### Input records ###
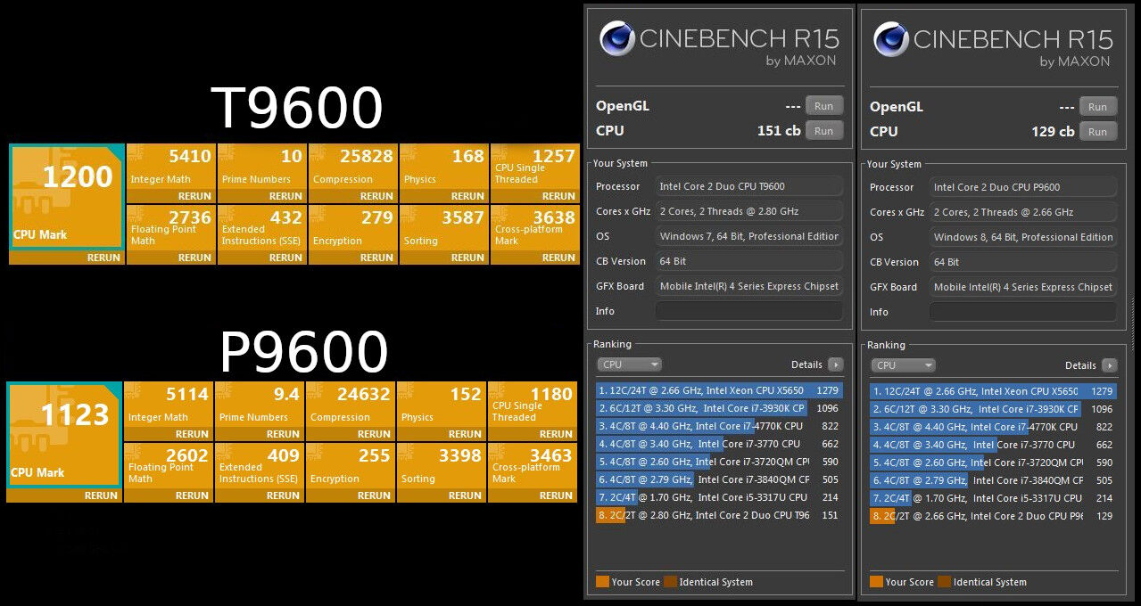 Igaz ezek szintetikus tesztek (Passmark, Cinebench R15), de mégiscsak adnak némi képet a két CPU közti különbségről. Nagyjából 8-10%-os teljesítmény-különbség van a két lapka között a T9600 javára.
###
### Input records ###
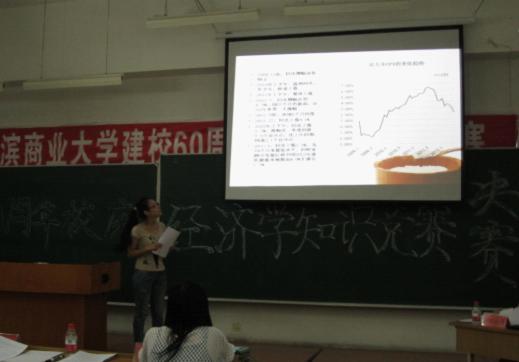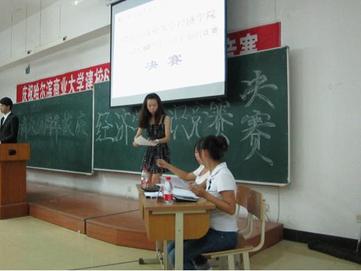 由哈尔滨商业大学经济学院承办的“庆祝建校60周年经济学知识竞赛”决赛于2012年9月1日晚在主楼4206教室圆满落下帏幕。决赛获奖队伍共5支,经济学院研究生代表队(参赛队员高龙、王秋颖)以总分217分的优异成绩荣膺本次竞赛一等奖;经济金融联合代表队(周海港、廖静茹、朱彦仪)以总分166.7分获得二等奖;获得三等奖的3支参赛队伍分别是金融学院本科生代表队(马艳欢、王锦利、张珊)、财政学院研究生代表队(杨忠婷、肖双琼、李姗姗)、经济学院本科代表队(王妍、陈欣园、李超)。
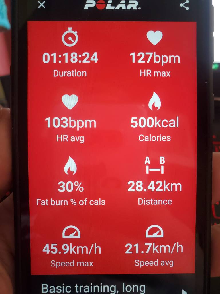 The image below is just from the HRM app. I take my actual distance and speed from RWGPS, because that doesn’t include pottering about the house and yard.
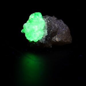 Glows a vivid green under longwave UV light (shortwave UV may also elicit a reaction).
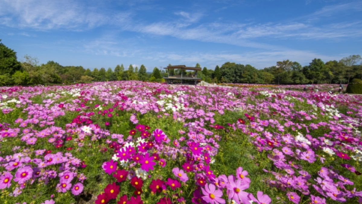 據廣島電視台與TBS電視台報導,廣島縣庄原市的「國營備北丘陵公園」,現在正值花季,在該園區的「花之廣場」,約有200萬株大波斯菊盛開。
###
### Input records ###
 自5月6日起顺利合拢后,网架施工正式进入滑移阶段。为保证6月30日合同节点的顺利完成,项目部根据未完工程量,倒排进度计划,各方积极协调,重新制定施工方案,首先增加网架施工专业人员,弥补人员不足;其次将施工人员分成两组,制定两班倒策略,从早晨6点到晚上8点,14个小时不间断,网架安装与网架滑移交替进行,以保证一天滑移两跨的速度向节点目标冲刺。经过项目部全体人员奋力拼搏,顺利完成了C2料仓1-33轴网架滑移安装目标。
###
*What is needed*
Copy exactly the lines of the listing above between the one holding "由哈尔滨商业大学经济学院承办" and the one holding "The image below", inclusive; omit all pictures.

*Output of the task*
 由哈尔滨商业大学经济学院承办的“庆祝建校60周年经济学知识竞赛”决赛于2012年9月1日晚在主楼4206教室圆满落下帏幕。决赛获奖队伍共5支,经济学院研究生代表队(参赛队员高龙、王秋颖)以总分217分的优异成绩荣膺本次竞赛一等奖;经济金融联合代表队(周海港、廖静茹、朱彦仪)以总分166.7分获得二等奖;获得三等奖的3支参赛队伍分别是金融学院本科生代表队(马艳欢、王锦利、张珊)、财政学院研究生代表队(杨忠婷、肖双琼、李姗姗)、经济学院本科代表队(王妍、陈欣园、李超)。
 The image below is just from the HRM app. I take my actual distance and speed from RWGPS, because that doesn’t include pottering about the house and yard.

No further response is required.